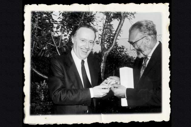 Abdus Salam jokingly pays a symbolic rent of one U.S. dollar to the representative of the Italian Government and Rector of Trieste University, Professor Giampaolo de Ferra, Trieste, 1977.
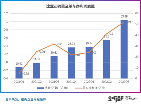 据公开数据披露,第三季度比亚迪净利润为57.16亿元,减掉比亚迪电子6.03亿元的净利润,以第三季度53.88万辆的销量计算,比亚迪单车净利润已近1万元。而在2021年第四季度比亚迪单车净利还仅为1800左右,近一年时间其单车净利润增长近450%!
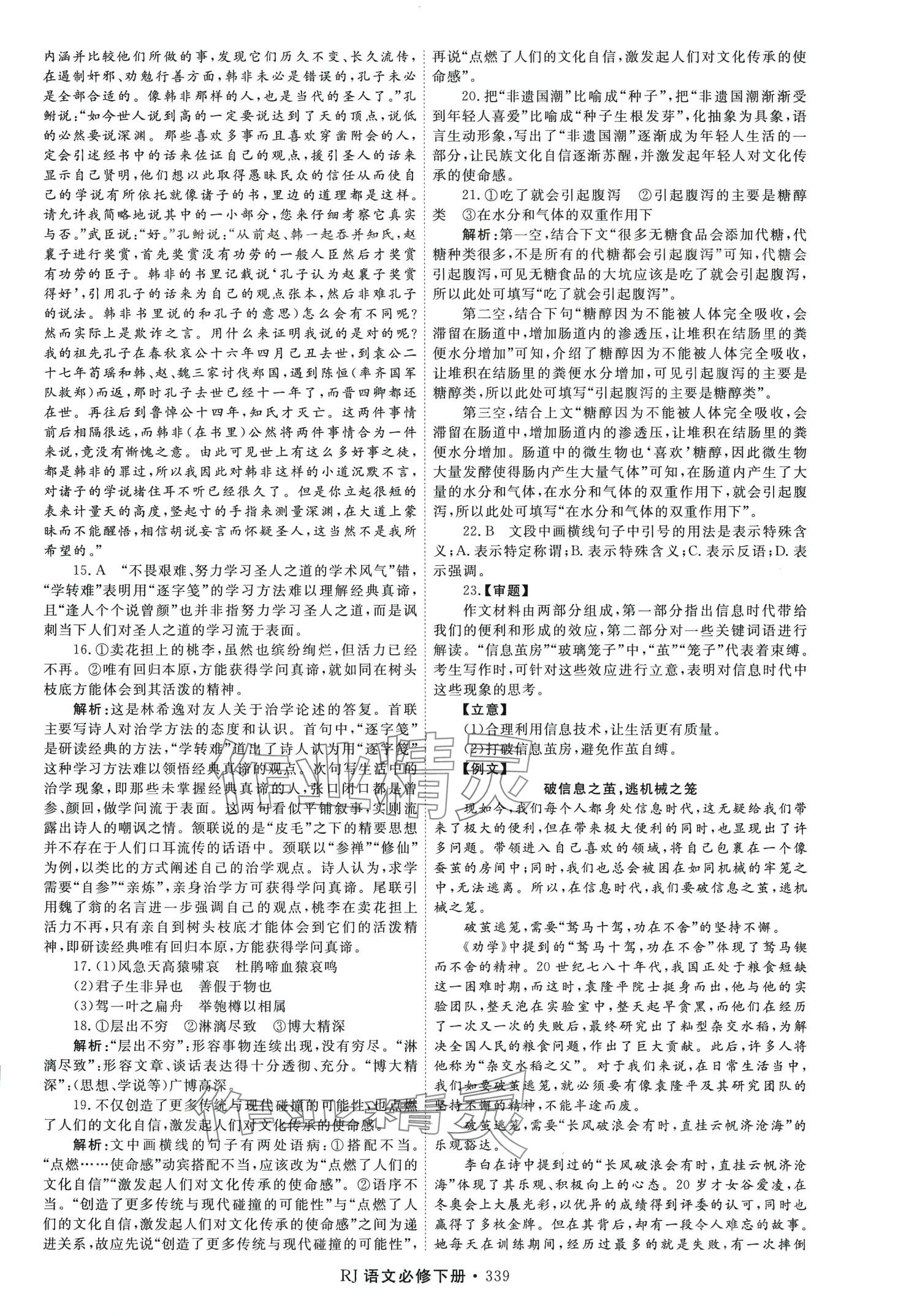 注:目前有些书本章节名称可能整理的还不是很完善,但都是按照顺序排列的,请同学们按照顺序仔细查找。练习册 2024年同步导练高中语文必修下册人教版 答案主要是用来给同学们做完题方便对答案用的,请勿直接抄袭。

# WORK ORDER
Could you transcribe the material above exactly, keeping every picture out?

# RESPONSE BELOW
 Abdus Salam jokingly pays a symbolic rent of one U.S. dollar to the representative of the Italian Government and Rector of Trieste University, Professor Giampaolo de Ferra, Trieste, 1977.
 据公开数据披露,第三季度比亚迪净利润为57.16亿元,减掉比亚迪电子6.03亿元的净利润,以第三季度53.88万辆的销量计算,比亚迪单车净利润已近1万元。而在2021年第四季度比亚迪单车净利还仅为1800左右,近一年时间其单车净利润增长近450%!
 注:目前有些书本章节名称可能整理的还不是很完善,但都是按照顺序排列的,请同学们按照顺序仔细查找。练习册 2024年同步导练高中语文必修下册人教版 答案主要是用来给同学们做完题方便对答案用的,请勿直接抄袭。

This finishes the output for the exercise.